Task brief:
Would you reproduce each of the records below precisely, with the pictures left out?

==========

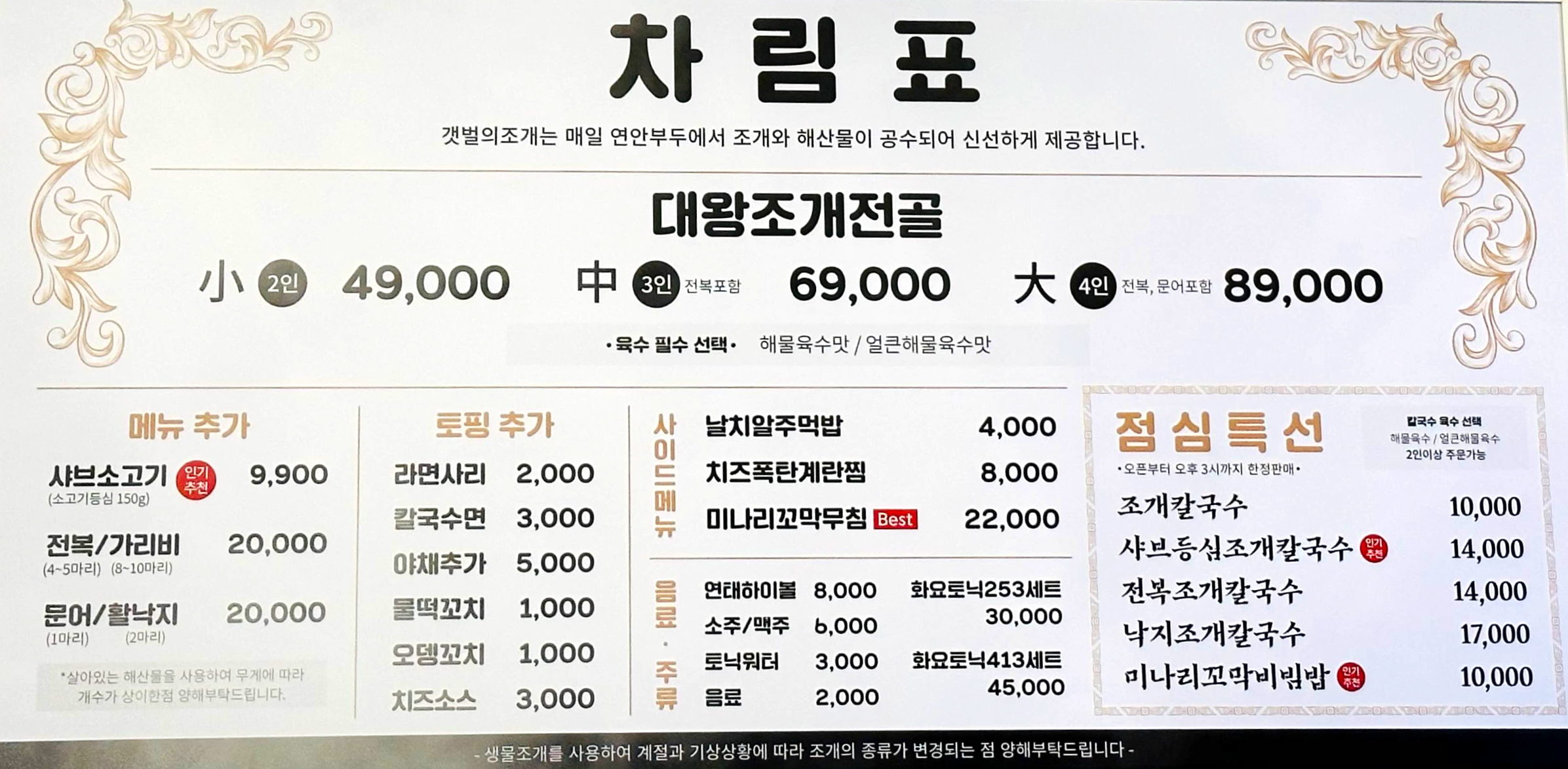 대왕조개전골 소자+샤브소고기 2개+활낙지2마리+칼국수1개
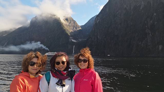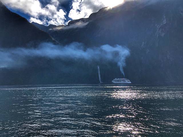 由于预定了10点半的米尔福德峡湾巡游,我们计划去程直达峡湾,回程再逛路上的景点。临近峡湾,天空已完全放晴,太棒了!
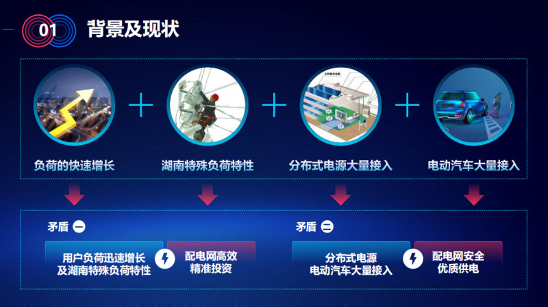 隨著國(guó)家配電網(wǎng)建設(shè)改造行動(dòng)計(jì)劃和湖南點(diǎn)三年行動(dòng)計(jì)劃一系列措施落地,湖南配電網(wǎng)的建設(shè)取得了長(zhǎng)遠(yuǎn)的發(fā)展進(jìn)步。2015到2020年戶均配電容量1.41上升到2.08,農(nóng)村電網(wǎng)1.09上升到1.71,供電可考慮99.71上升到99.83,配電網(wǎng)的建設(shè)取得了長(zhǎng)足的進(jìn)步。同時(shí)看出來,隨著負(fù)荷的快速增長(zhǎng),以及分布式電源、電動(dòng)汽車的大量接入,配電網(wǎng)業(yè)面臨很多困難。作為電網(wǎng)公司有兩大方面的主要矛盾:
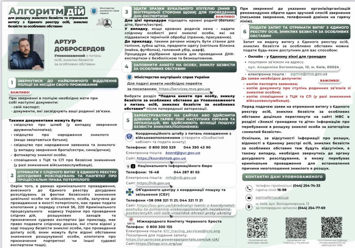 - Алгоритм дій родичів після отримання сповіщення про зникнення військовослужбовця.
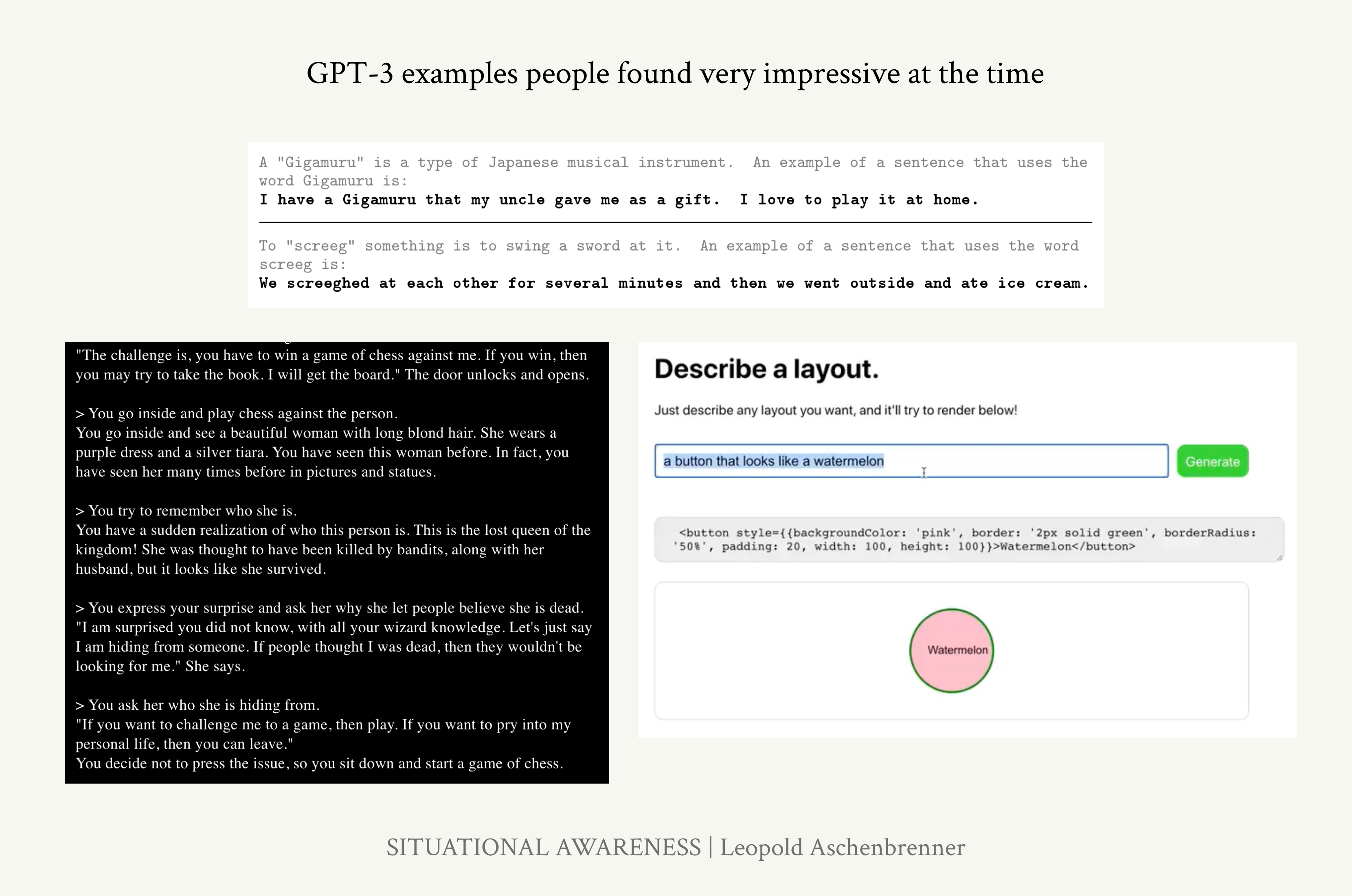 GPT-2 (2019) ~ 学龄前儿童:“哇,它能串联几个看似合理的句子。” 当时,它生成的一个关于安第斯山脉独角兽的半连贯故事的精挑细选例子令人印象极其深刻。然而,GPT-2几乎无法数到5而不出错;在总结文章时,它仅仅比从文章中随机选择3个句子的表现稍好一些。
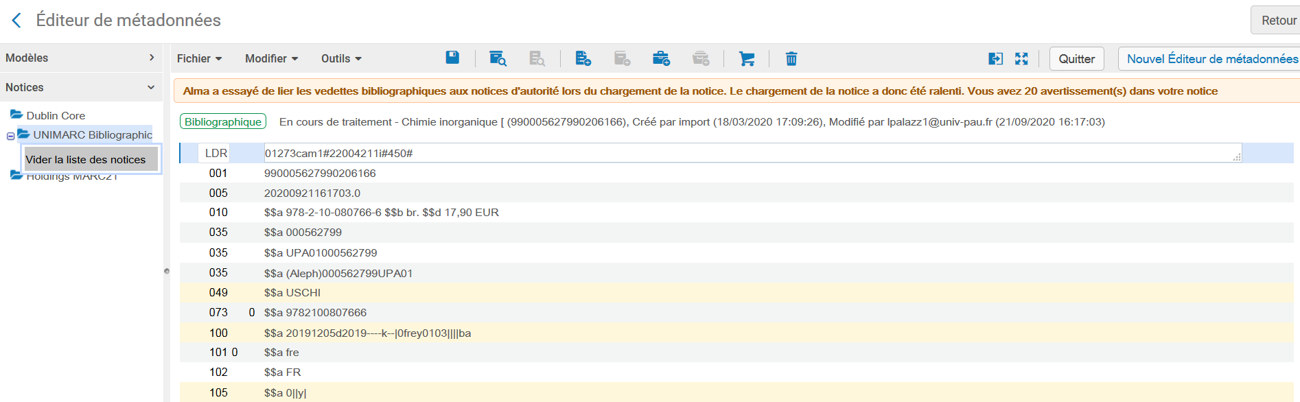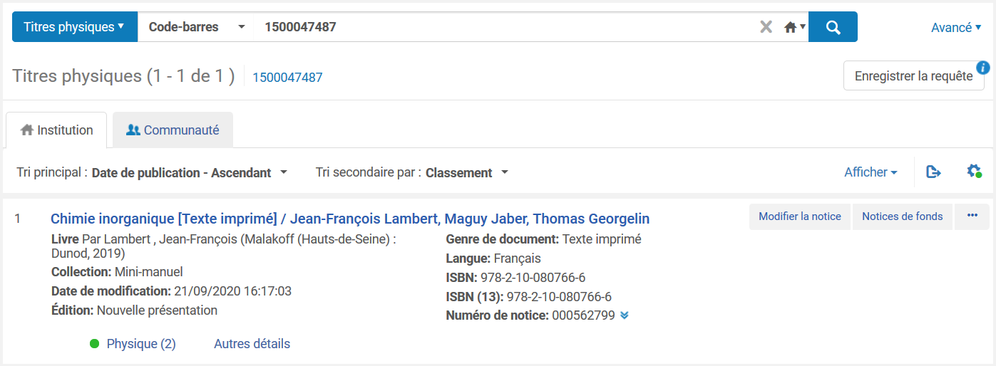1/ Se mettre sur une notice et cliquez sur « Modifier la notice »

==========

Written reply:
 대왕조개전골 소자+샤브소고기 2개+활낙지2마리+칼국수1개
 由于预定了10点半的米尔福德峡湾巡游,我们计划去程直达峡湾,回程再逛路上的景点。临近峡湾,天空已完全放晴,太棒了!
 隨著國(guó)家配電網(wǎng)建設(shè)改造行動(dòng)計(jì)劃和湖南點(diǎn)三年行動(dòng)計(jì)劃一系列措施落地,湖南配電網(wǎng)的建設(shè)取得了長(zhǎng)遠(yuǎn)的發(fā)展進(jìn)步。2015到2020年戶均配電容量1.41上升到2.08,農(nóng)村電網(wǎng)1.09上升到1.71,供電可考慮99.71上升到99.83,配電網(wǎng)的建設(shè)取得了長(zhǎng)足的進(jìn)步。同時(shí)看出來,隨著負(fù)荷的快速增長(zhǎng),以及分布式電源、電動(dòng)汽車的大量接入,配電網(wǎng)業(yè)面臨很多困難。作為電網(wǎng)公司有兩大方面的主要矛盾:
 - Алгоритм дій родичів після отримання сповіщення про зникнення військовослужбовця.
 GPT-2 (2019) ~ 学龄前儿童:“哇,它能串联几个看似合理的句子。” 当时,它生成的一个关于安第斯山脉独角兽的半连贯故事的精挑细选例子令人印象极其深刻。然而,GPT-2几乎无法数到5而不出错;在总结文章时,它仅仅比从文章中随机选择3个句子的表现稍好一些。
1/ Se mettre sur une notice et cliquez sur « Modifier la notice »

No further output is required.